允许每个分支分别消除排序，更加快速的获取top-k结果

如下图所示，Q1会被改写成Q2。对于Q1来说，执行方式是只能把满足条件的行数找出来，然后进行排序，最终取top-10结果。对于Q2来说，如果存在索引(a,b), 那么Q2中的两个子查询都可以使用索引把排序消除，每个子查询取top-10结果，然后最终对这20行数据排序一下取出最终的top-10行。

Q1: select * from t1 where t1.a = 1 or t1.a = 2 order by b limit 10;
Q2: select * from 
    (select * from t1 where t1.a = 1 order by b limit 10 union all
     select * from t1 where t1.a = 2 order by b limit 10) as temp
    order by temp.b limit 10;

OceanBase (root@test)> create table t1(a int, b int, index idx_a(a, b));
Query OK, 0 rows affected (0.20 sec)
---不改写的话，需要排序最终获取top-k结果
OceanBase (root@test)> explain select/*+NO_REWRITE()*/ * from t1 where t1.a = 1 or t1.a = 2 order by b limit 10;
| ==========================================
|ID|OPERATOR    |NAME     |EST. ROWS|COST|
------------------------------------------
|0 |LIMIT       |         |4        |77  |
|1 | TOP-N SORT |         |4        |76  |
|2 |  TABLE SCAN|t1(idx_a)|4        |73  |
==========================================
Outputs & filters:
-------------------------------------
  0 - output([t1.a], [t1.b]), filter(nil), limit(10), offset(nil)
  1 - output([t1.a], [t1.b]), filter(nil), sort_keys([t1.b, ASC]), topn(10)
  2 - output([t1.a], [t1.b]), filter(nil),
      access([t1.a], [t1.b]), partitions(p0)

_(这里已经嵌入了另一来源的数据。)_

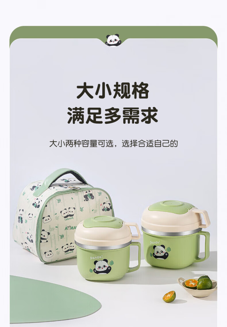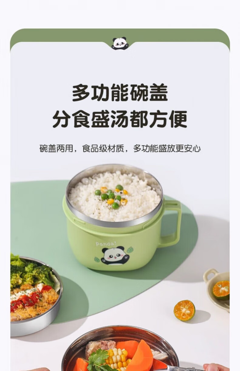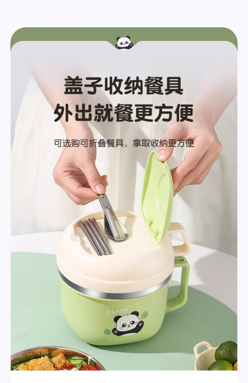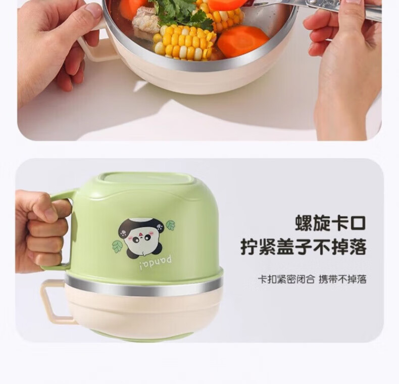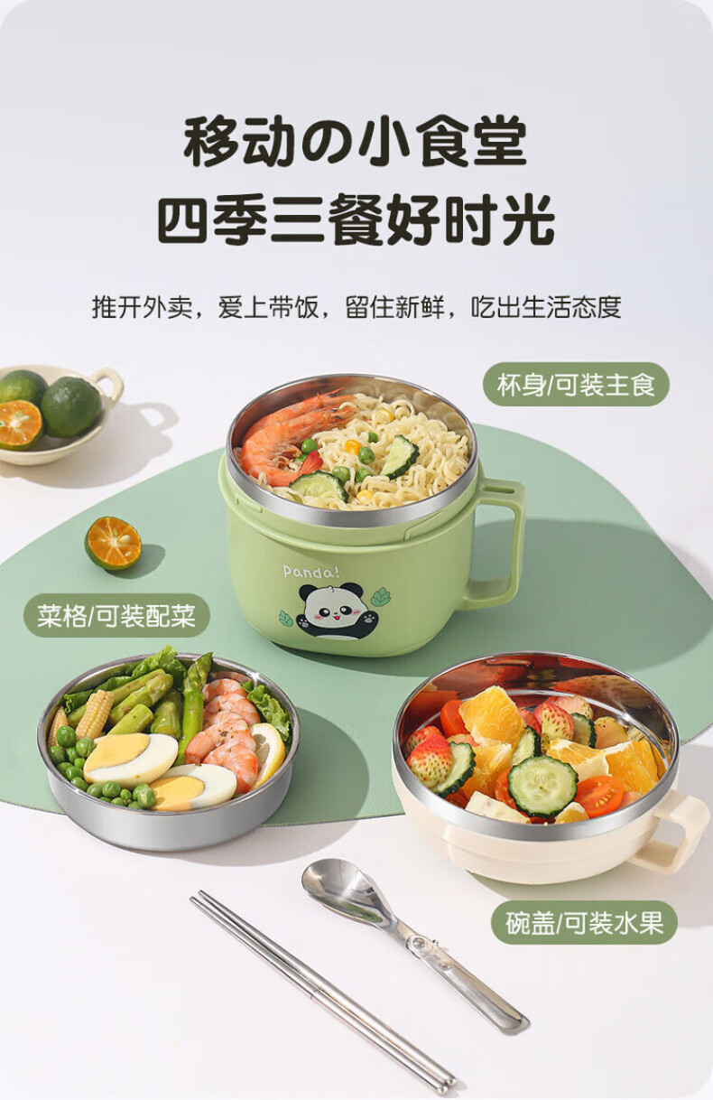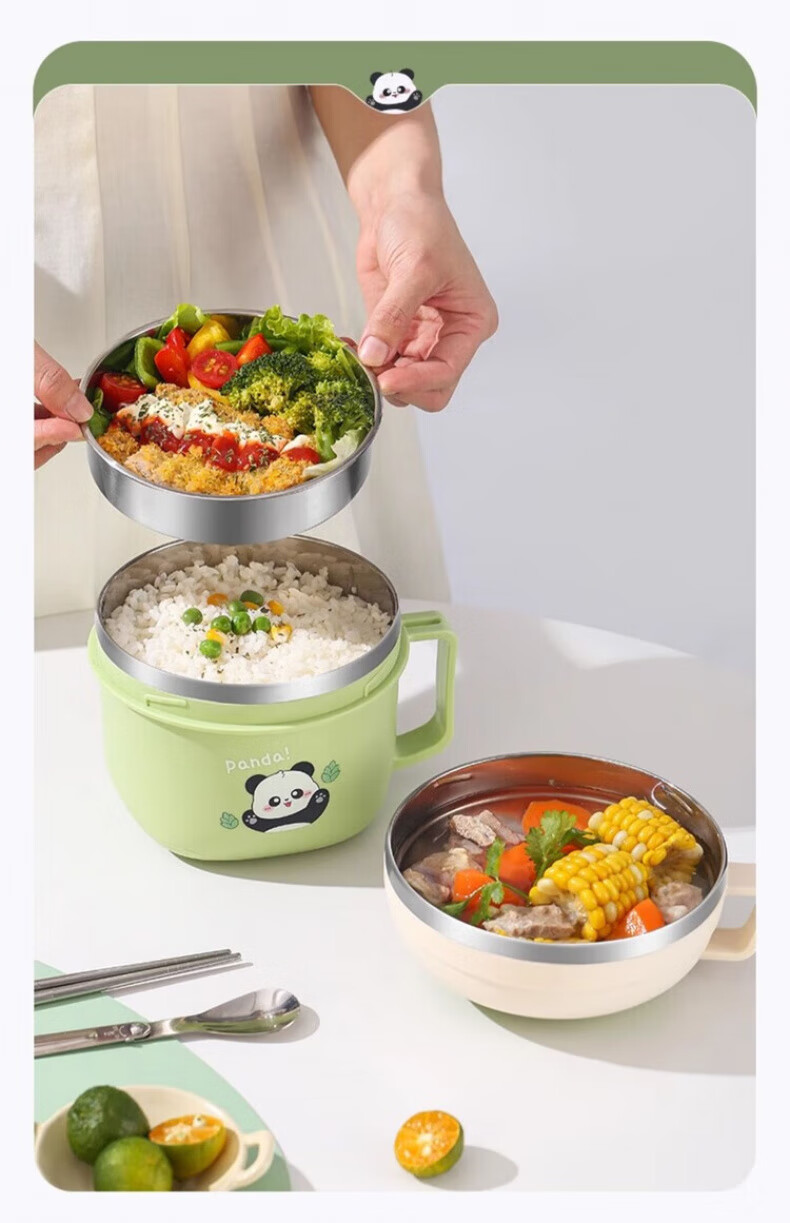 DEATKN德国316L不锈钢保温饭盒上班族2025新款初中小学生上学儿童食堂打 【适用1-6年级】小号熊猫+餐具【316钢】.

--- 进行改写的话，排序算子可以被消除，最终获取top-k结果
OceanBase (root@test)> explain select * from t1 where t1.a = 1 or t1.a = 2 order by b limit 10;
| ===========================================
|ID|OPERATOR     |NAME     |EST. ROWS|COST|
-------------------------------------------
|0 |LIMIT        |         |3        |76  |
|1 | TOP-N SORT  |         |3        |76  |
|2 |  UNION ALL  |         |3        |74  |
|3 |   TABLE SCAN|t1(idx_a)|2        |37  |
|4 |   TABLE SCAN|t1(idx_a)|1        |37  |
===========================================
Outputs & filters:
-------------------------------------
  0 - output([UNION(t1.a, t1.a)], [UNION(t1.b, t1.b)]), filter(nil), limit(10), offset(nil)
  1 - output([UNION(t1.a, t1.a)], [UNION(t1.b, t1.b)]), filter(nil), sort_keys([UNION(t1.b, t1.b), ASC]), topn(10)

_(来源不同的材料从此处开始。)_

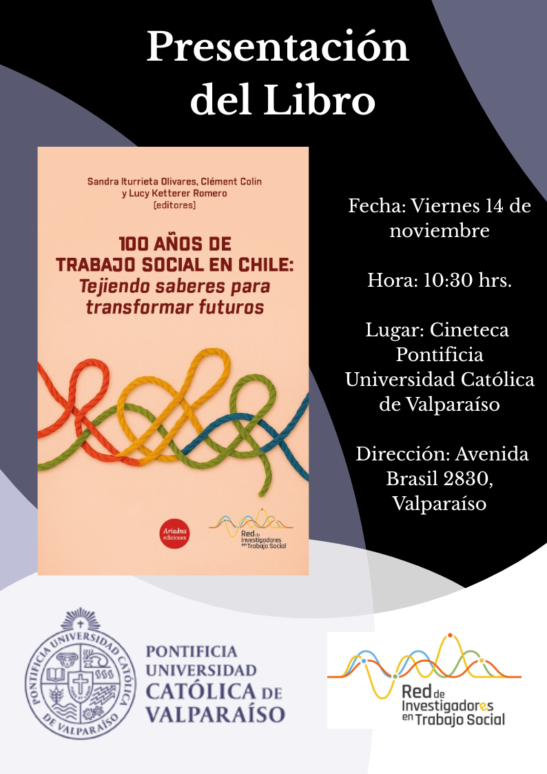 La Pontificia Universidad Católica de Valparaíso y la Red de Investigadores en Trabajo Social tienen el agrado de invitarle a la presentación del libro “100 años de Trabajo Social en Chile: Tejiendo saberes para transformar futuros”, editado por Sandra Iturrieta Olivares, Clément Colin y Lucy Ketterer Romero.
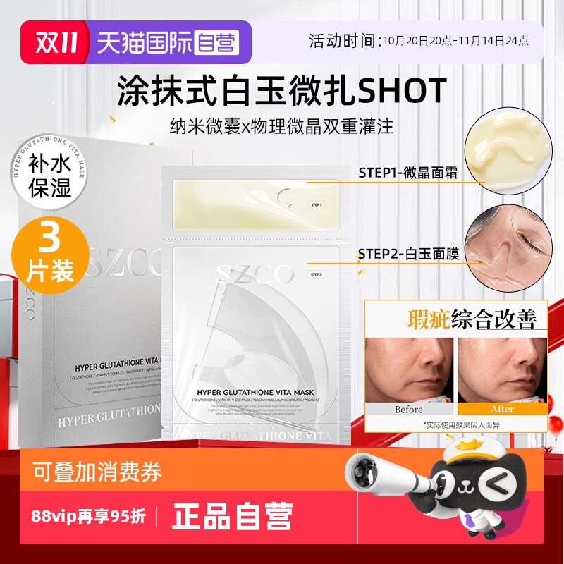 【自营】SZCO丹宜诗谷胱甘肽白玉微针面膜3片/盒涂抹脸部水光保湿
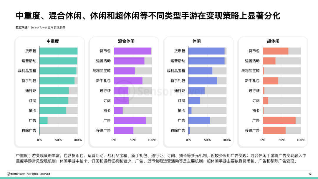 2025年中重度、混合休闲、休闲和超休闲等不同类型手游在变现策略上呈现显著分化趋势。
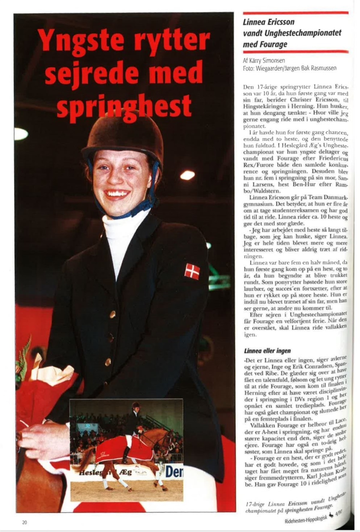 Vi er igen dykket ned i de nostalgiske artikler og denne gang faldt valget på en artikel fra aprilnummeret i 1997. Her kunne man læse om hingstekåringen i Herning, hvor den bare 17-årige Linnea Ericsson (nu Ericsson-Carey) vandt unghestechampionatet i springning med vallakken Fourage e. Friedericus Rex/Furore.
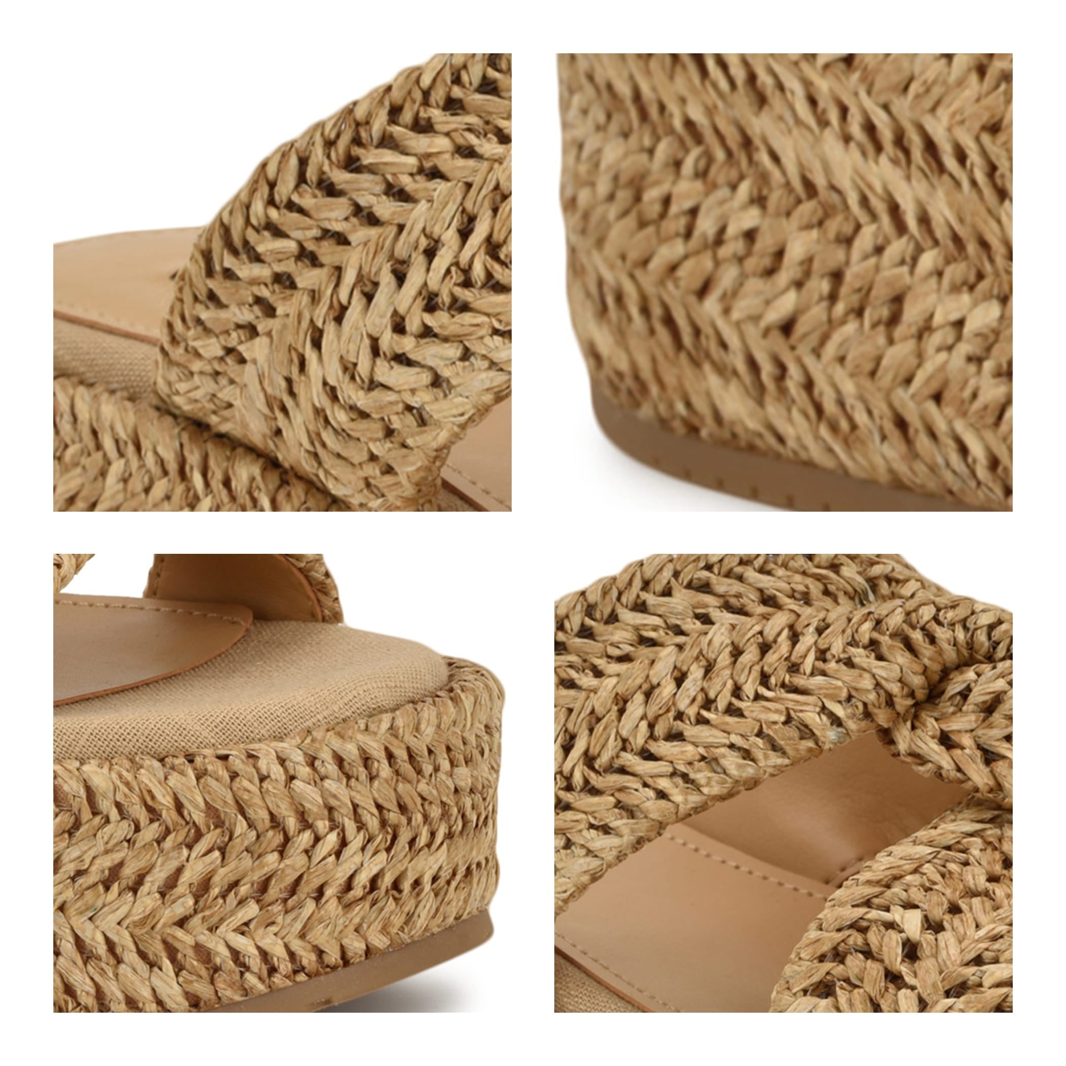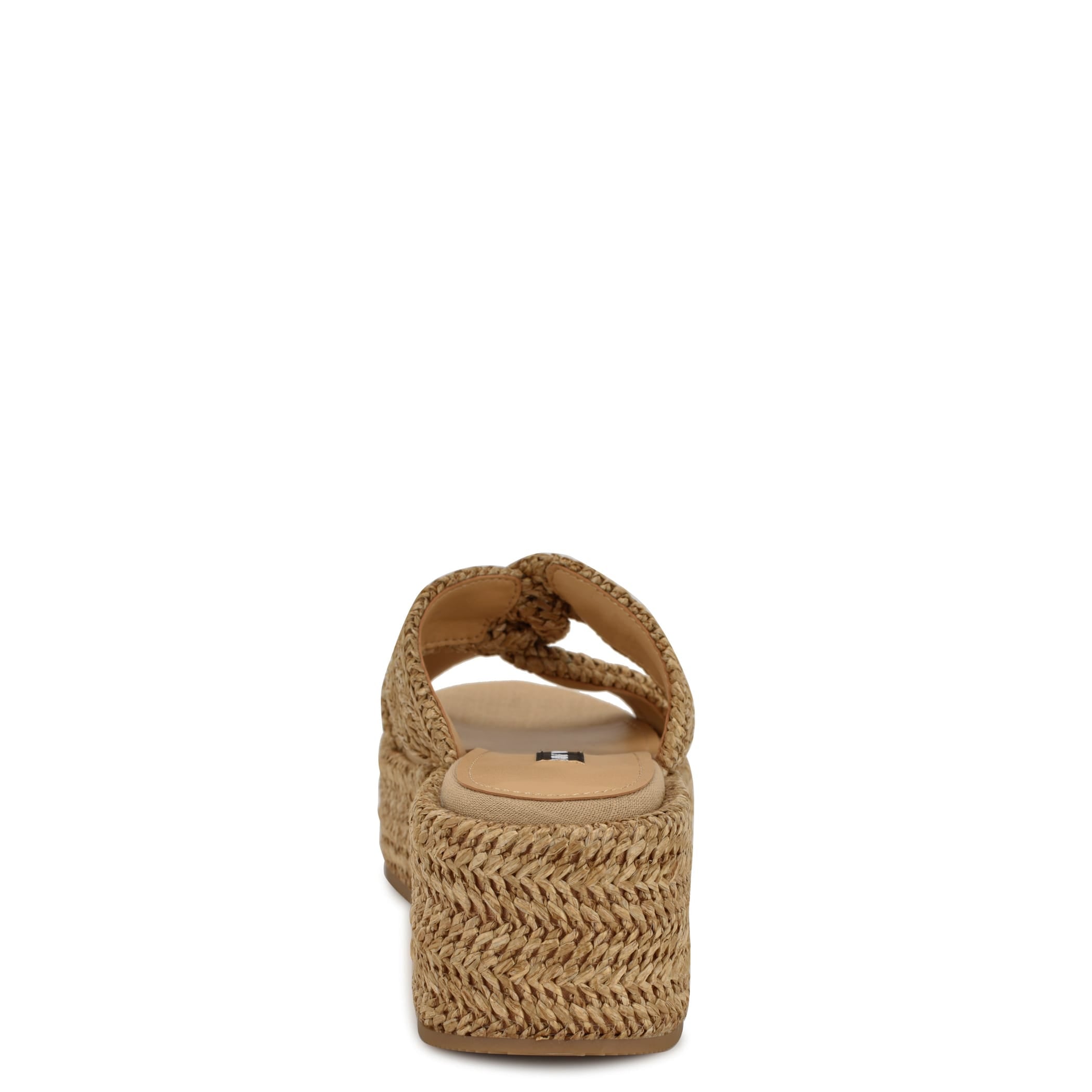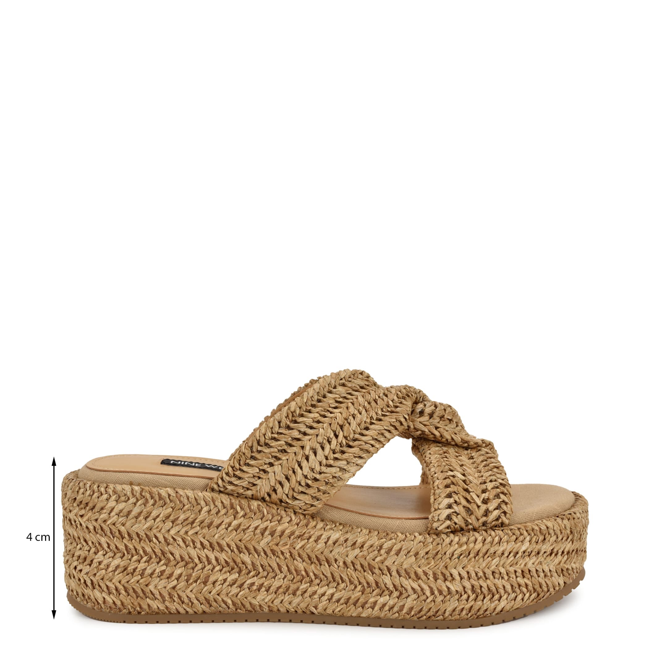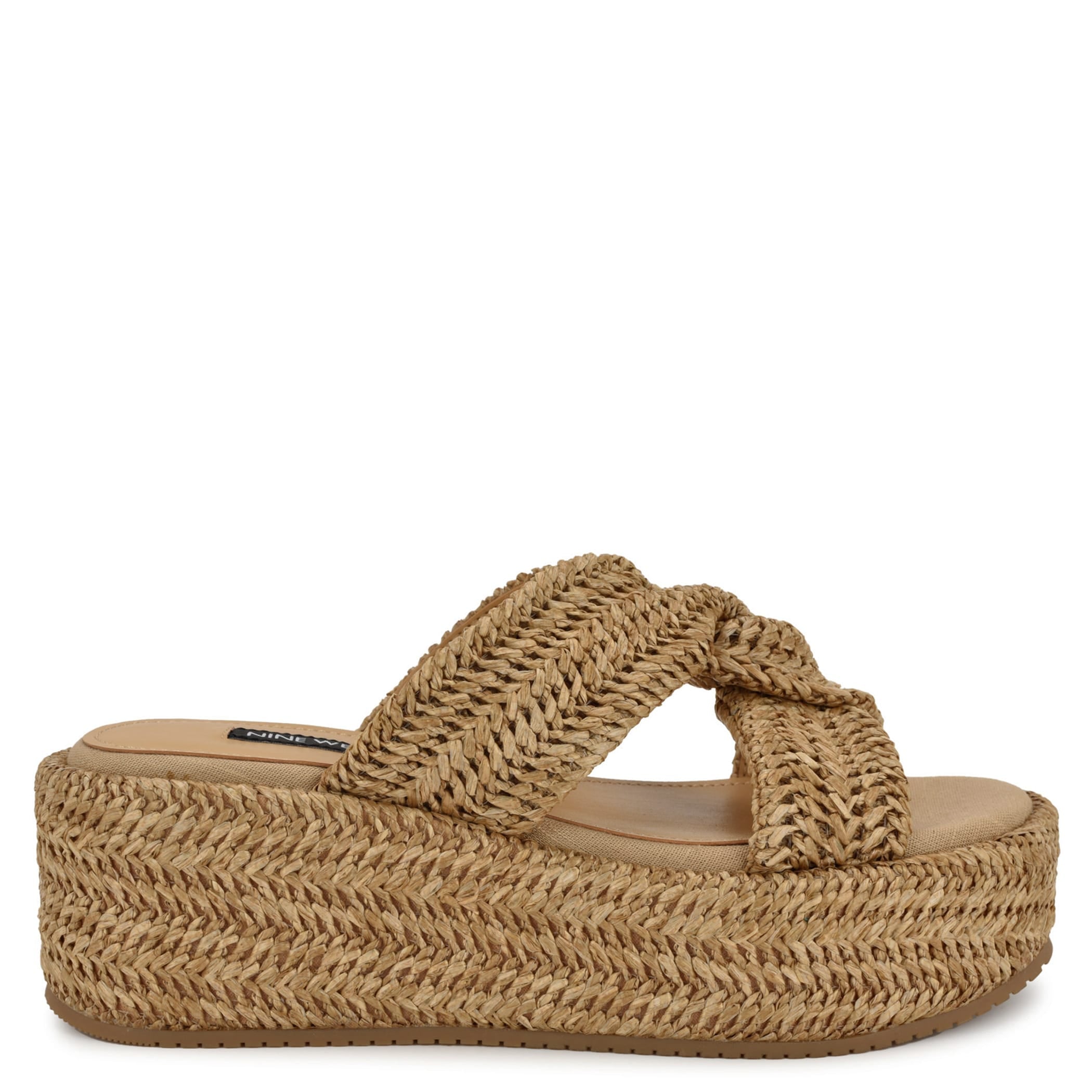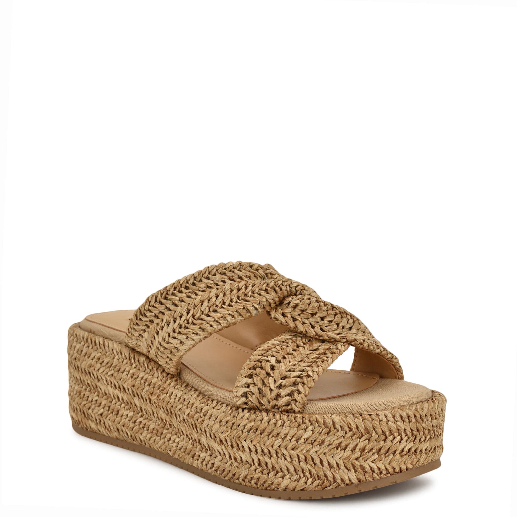 Sandalia con plataforma Nine West para mujer elaborada en material rafia con estampado liso, fijación abierta, punta redonda y textura lisa.

  2 - output([UNION(t1.a, t1.a)], [UNION(t1.b, t1.b)]), filter(nil)
  3 - output([t1.a], [t1.b]), filter(nil),
      access([t1.a], [t1.b]), partitions(p0),
      limit(10), offset(nil)
  4 - output([t1.a], [t1.b]), filter([lnnvl(t1.a = 1)]),
      access([t1.a], [t1.b]), partitions(p0),
      limit(10), offset(nil)